Я полагаю, что Мелвил ничего не ответил. Обсуждение его образа жизни отвлекло его от главной темы разговора. Он погрузился в самолюбивые сравнения. Нет сомнения, что еще немного и он сказал бы, как и большинство из нас в такой же ситуации: «Мне кажется, вы не вполне понимаете мою точку зрения».

– Но в конце концов какой смысл об этом говорить?! – воскликнул вдруг Чаттерис. – Я просто пытаюсь придать всей этой истории более возвышенный вид, притягивая за уши общие рассуждения. Это оправдания, а я оправдываться не собирался. Мне нужно сделать выбор между жизнью с Эделин и этой Женщиной из Моря.

– Которая есть смерть.

– Откуда мне это знать?

– Но вы сказали, что сделали свой выбор!

– Сделал.

Он как будто спохватился.

– Да, сделал, – подтвердил он. – Я уже вам сказал. Завтра я снова пойду туда, чтобы поговорить с мисс Глендауэр. Да – Тут он вспомнил еще несколько пунктов своего, как я полагаю, заранее принятого и сформулированного решения – решения, от которого так далеко отклонился их разговор. – Все очень просто: главное в жизни для меня – дисциплина и целеустремленность. Нельзя разбрасываться и отвлекаться на посторонние дела и шальные мысли. Дисциплина!

– И работа.

– Да, работа, если вам угодно, – это все одно и то же. До сих пор моя ошибка состояла в том, что я слишком мало работал. Я остановился, чтобы поболтать с женщиной на обочине дороги. Я попытался схитрить, пойти на компромисс, и то, другое, взяло надо мной верх… Я должен от него отречься, вот и все.

– Притом ваша работа вовсе не заслуживает презрения.

– Клянусь Богом, ни в коем случае! Она… трудна. Временами она просто неинтересна. Иногда приходится не только преодолевать подъемы, но и лезть в болото…

– Мир нуждается в вождях. Он много чего предлагает за это людям вашего класса. Досуг. Почести. Должную подготовку и высокие традиции…

– И он ожидает получить что-то взамен. Я знаю. Я не прав – был не прав, во всяком случае. Этот сон каким-то удивительным образом овладел мной. И я должен от него отречься. В конце концов это не так уж много – отречься от сна. Это значит – всего-навсего принять решение жить. В этом мире нас ждут великие дела.

Мелвил глубокомысленно изрек:

– Пусть не существует Венеры Анадиомены*, но есть Михаил с его мечом. («Появившаяся на поверхности моря» (греч.). Одно из прозвищ Афродиты, почитавшейся в Древнем Риме под именем Венеры).

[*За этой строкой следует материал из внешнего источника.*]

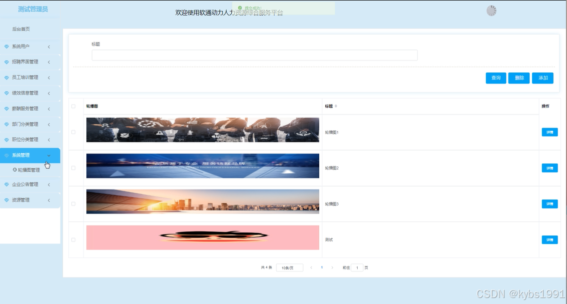 轮播图管理: 管理系统首页轮播图信息,包括添加、编辑和删除图片等。

– Да, суровый архангел в доспехах! Правда, он ведь разил настоящего, ощутимого дракона, а не собственные желания. А в наше время с драконами принято так или иначе договариваться – поднимать Минимальную Заработную плату, правдами и не правдами обеспечивать Трудящиеся Классы лучшим Жильем, – отдавать столько же, сколько получаешь.

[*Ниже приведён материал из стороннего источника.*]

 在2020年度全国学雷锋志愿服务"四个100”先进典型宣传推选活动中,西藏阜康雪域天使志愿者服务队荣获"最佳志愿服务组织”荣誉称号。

Мелвил полагает, что тут он несколько исказил его мысль.

– Нет, – продолжал Паттерне. – У меня нет сомнений насчет моего выбора. Я пойду в ногу… с себе подобными; я займу свое место в шеренге, ведущей великую битву за будущее, которая и есть смысл жизни. От такого морального состояния прекрасно помогает холодный душ, и я его приму. Нужно положить конец этому безнравственному заигрыванию со всякими снами и желаниями. Я распишу все свое время по часам и установлю твердые жизненные правила, я поставлю на карту свою честь, я посвящу себя Служению, как подобает мужчине. Труд с чистыми руками, борьба и подвиг.

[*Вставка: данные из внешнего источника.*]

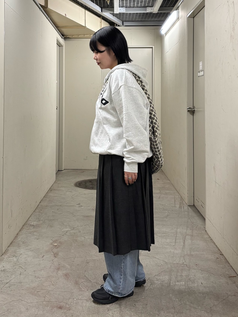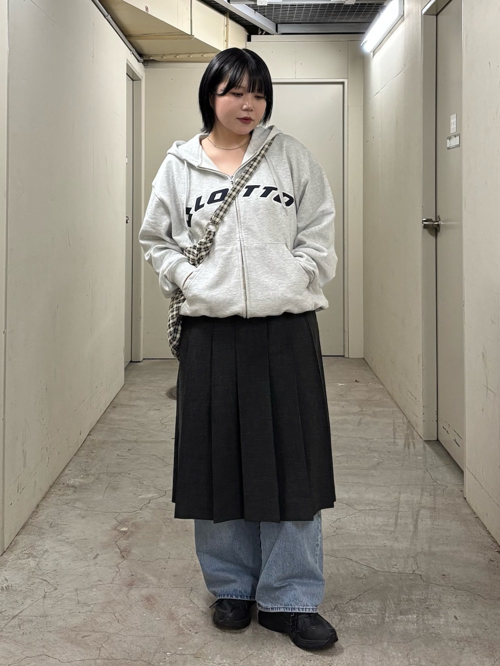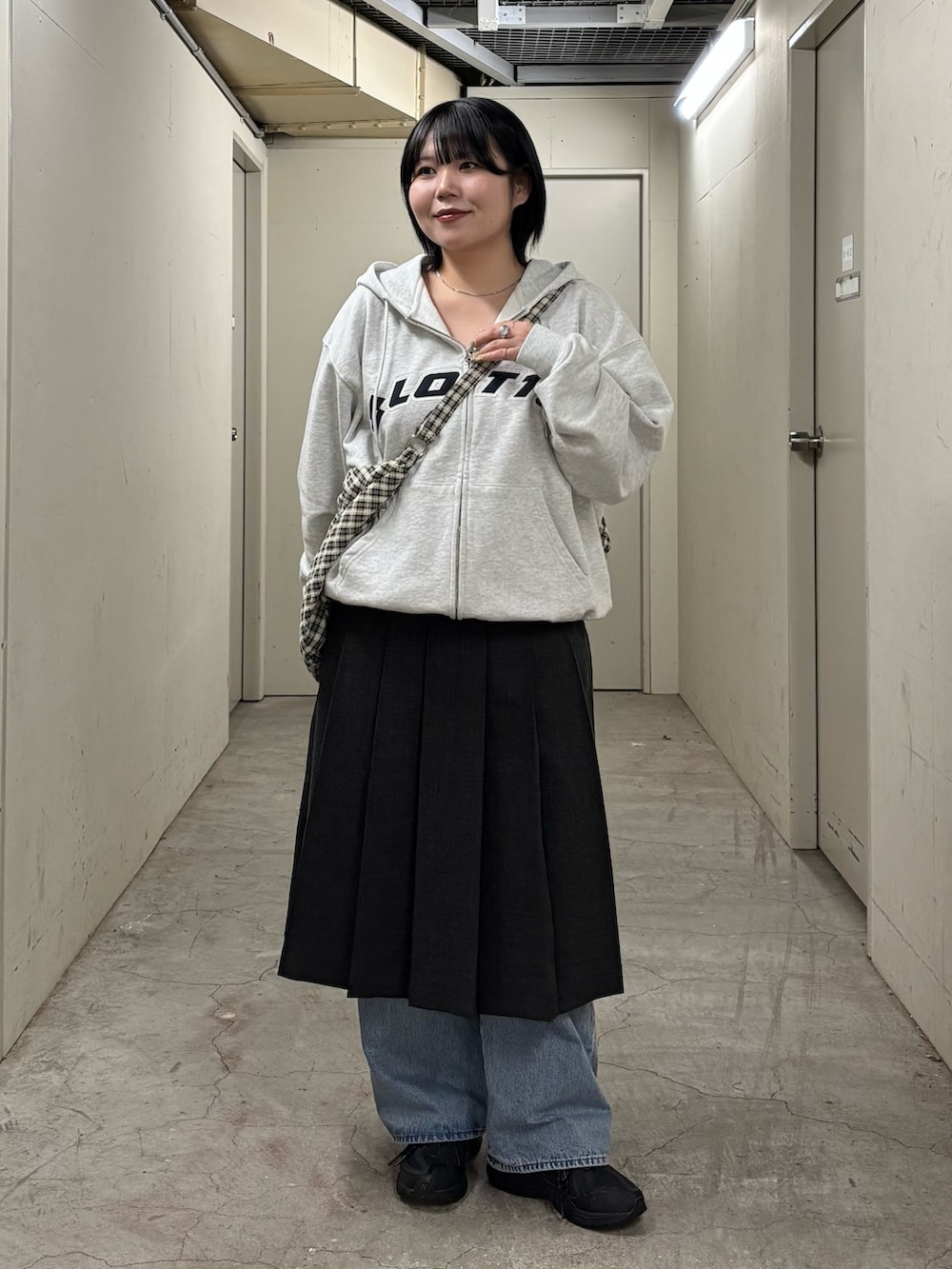 メンズのアイテムなのでオーバーサイズなのですが、ジップを少し広めに開けて首元をスッキリ見せたり、裾を内側に折り込んでシルエットを短くしたりと工夫することで骨格ストレートさんでも問題なく着ていただけますよ👍🏻

– А кроме того, есть ведь еще, знаете ли, мисс Глендауэр.

– Ну, конечно! – сказал Чаттерис с легким оттенком неискренности в голосе. – Возвышенная, с открытой душой и огромными способностями. Клянусь богами! Пусть не будет Венеры Анадиомены, но должна быть хотя бы Афина Паллада. Это она всегда выступает как примирительница.

И тут, к крайнему удивлению Мелвила, он сказал следующее:

– Это будет, знаете ли, не так уж и плохо.

Мелвил говорил мне, что при этих словах с трудом сдержал досаду.

А потом, как он рассказывал, Паттерне произнес что-то вроде речи.

– Дело заслушано, – сказал он, – приговор вынесен. Я – то, что я есть. Все решено, все уже позади. Я мужчина и обязан поступить, как подобает мужчине. Вот передо мной мечта, свет и водительница мира, призывный огонь на высокой скале. Пусть горит! Пусть зовет! Мой путь лежит рядом с ним – и мимо, минуя его… Я сделал выбор. Я обязан быть мужчиной, прожить жизнь как мужчина и умереть как мужчина, неся бремя своего общественного положения и своего времени. Вот и все! Я предавался мечтам, но вы видите, что я сохранил рассудок. Пусть пылает призывный огонь – я отрекаюсь от него. Я сделал свой выбор… Отрекаться и снова отрекаться – вот что такое жизнь для каждого из нас. Если нас и посещают мечты, то лишь для того, чтобы мы могли от них отречься, если в нас есть живое чувство, то лишь для того, чтобы не давать ему пищи. В каждом из нас позволено жить лишь части его существа. Почему же я должен быть исключением? Для меня она – зло. Для меня она – смерть… Но только зачем довелось мне увидеть ее лицо? Зачем посчастливилось услышать ее голос?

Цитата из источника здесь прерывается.